An 82-year-old man tricked collectors into spending $800,000 on fake basketball cards of players like Michael Jordan. He faces up to 20 years behind bars.

  • An 82-year-old man made a fortune selling counterfeit basketball cards of players including Michael Jordan, the Justice Department said.
  • May Gilbert McNeil is accused of putting fake cards inside the plastic boxes of a prominent authenticator.
  • McNeil, who denies doing anything wrong, also used a false identity in the transactions, the feds said.

An 82-year-old Colorado man ran an elaborate scheme involving counterfeit sports cards, defrauding collectors of more than $800,000 over several years, according to federal investigators.

The pristine, but fake, Michael Jordan cards were among those that Mayo Gilbert McNeil of Denver traded for thousands of dollars or valuable real cards. according to the complaint filed on Tuesday.

McNeil was arrested Wednesday, and the wire fraud charges he faces carry a potential prison time of up to 20 years.

Between April 2015 and July 2019, McNeil conducted online exchanges with the help of an unidentified co-conspirator, sometimes using a fake ID and multiple email accounts to hide his identity, according to the complaint.

To make the fakes convincing, the feds say, McNeil sourced the plastic backings and specialized rating tags used by a leading collector authentication company.
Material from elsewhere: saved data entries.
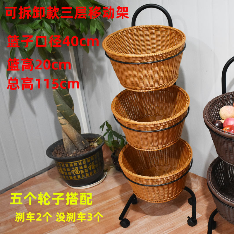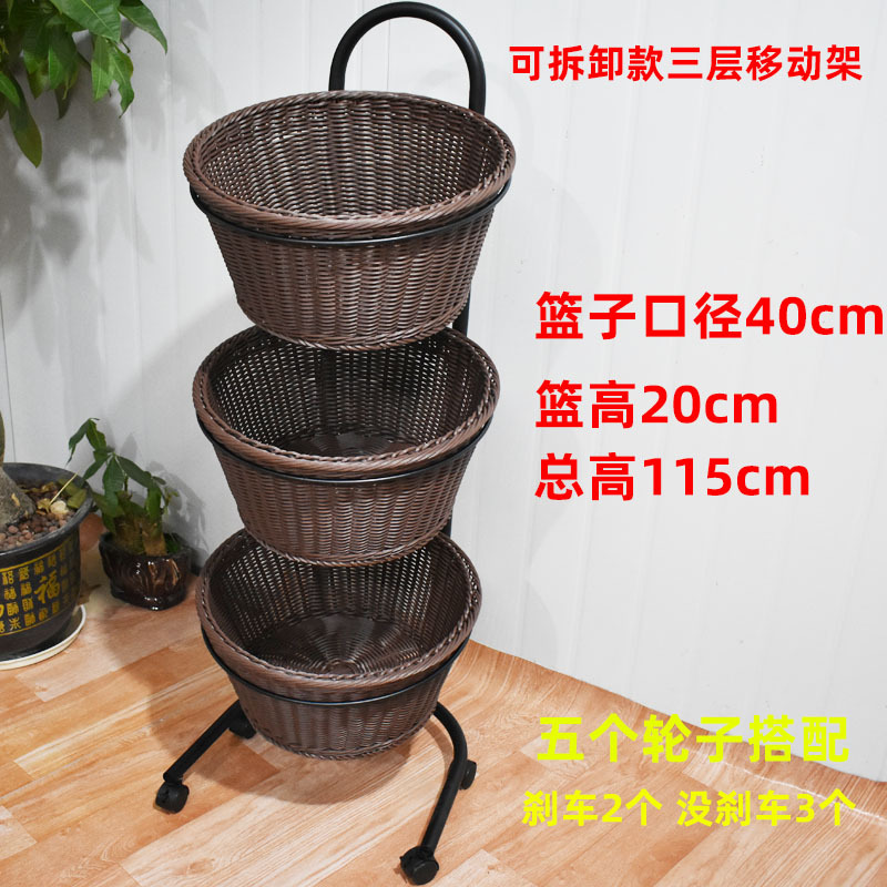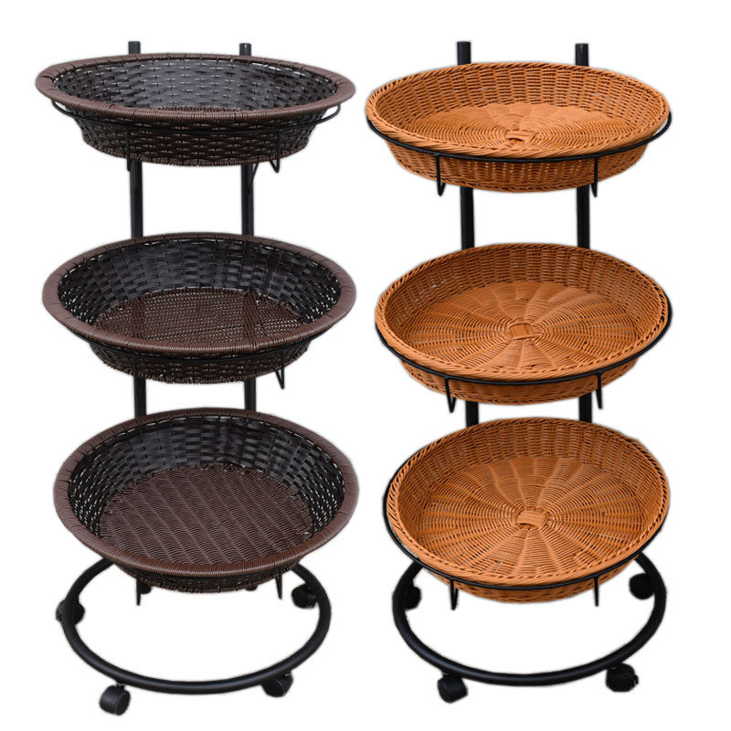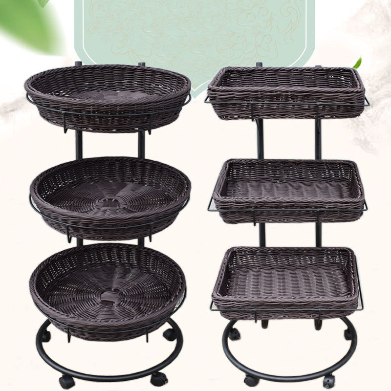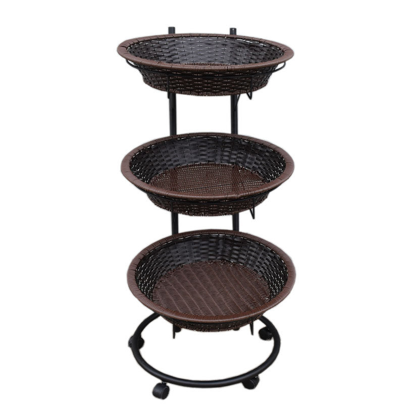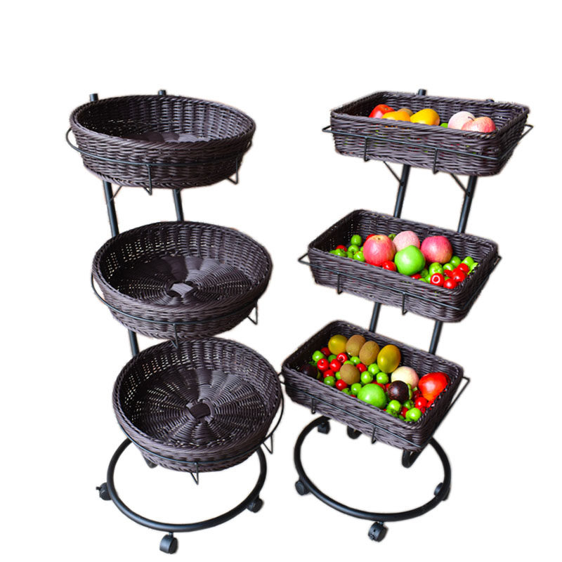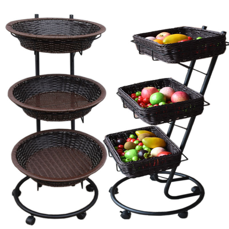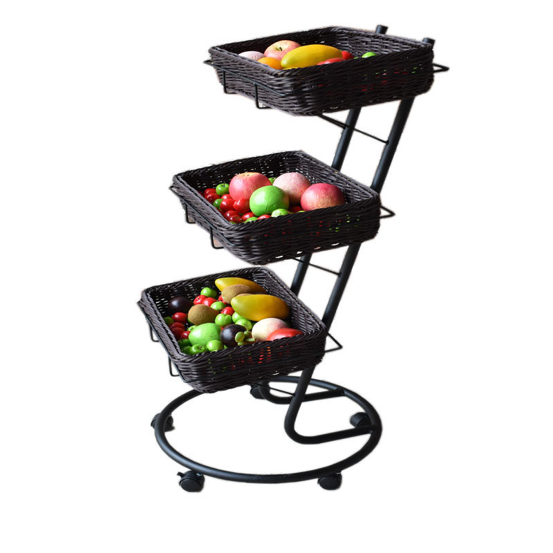New models are available with a three-tier fruit roller mobile shelf display basket.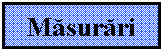 exercitii-joc de masurare cu palma, creionul, etc. a lungimii unor obiecte; comparari de lungimi de obiecte avand aceeasi lungime sau lungimi diferite; efectuarea unor masurari folosind etaloane neconventionale date; exercitii-joc de masurare cu paharul, bile, cuburi a masei sau capacitatii unor obiecte; identificarea si utilizarea instrumentelor de masura potrivite (linia gradata, metrul) pentru efectuarea unor masuratorilor ; identificarea si utilizarea instrumentelor de masura potrivite pentru efectuarea unor masuratori (litrul, recipientul care are capacitatea de un litru); identificarea si utilizarea instrumentelor de masura potrivite (kilogramul) pentru efectuarea unor masuratori; identificarea si utilizarea instrumentelor de masura potrivite pentru efectuarea unor masuratori (ora); exercitii de stabilire a multiplilor si submultiplilor fiecarei unitati de masura ; exercitii de ordonare cronologica a unor imagini; compararea duratelor unor activitati; citirea ceasului, reprezentarea pe un ceas a diverselor ore; inregistrarea activitatilor desfasurate intr-o saptamana; identificarea monedelor si bancnotelor din sistemul monetar romanesc actual; identificarea monedelor si bancnotelor necesare pentru cumpararea unui obiect; |
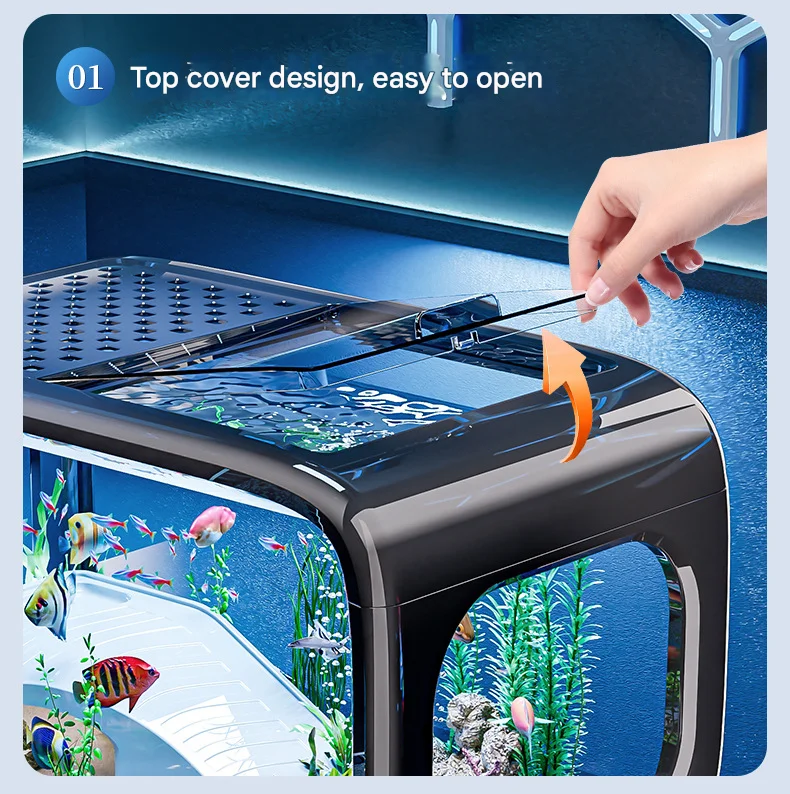 Everything you need to start your aquatic journey is right here in this complete starter kit. Featuring a sleek, modern tank with a stunning panoramic view, this package includes essential decorations and accessories to help you create a beautiful underwater world instantly. It's the perfect choice for beginners and an ideal home for small fish, shrimp, or turtles.

Among the cards he forged was a 1986 Fleer Michael Jordan rookie card, falsely rated “10 out of 10” for quality, prosecutors said, trading one for $4,500 and other similar cards for two valuable Tom Brady cards.

That Michael Jordan card is described on the PSA website as “the most important modern card of any sport in the entire hobby.”

A mint-condition version recently sold for $130,102, the card-grading company said, adding that it’s “the most counterfeited card in the hobby.”

McNeil was not immediately available for comment from Insider, but he told the Associated Press that he “did nothing wrong” and said he had been released without bail.

McNeil will be prosecuted in the Eastern District of New York, according to the Justice Department.

“Fraud protection extends to all consumers, regardless of which team they support,” United States Attorney Breon Peace said in a DOJ statement.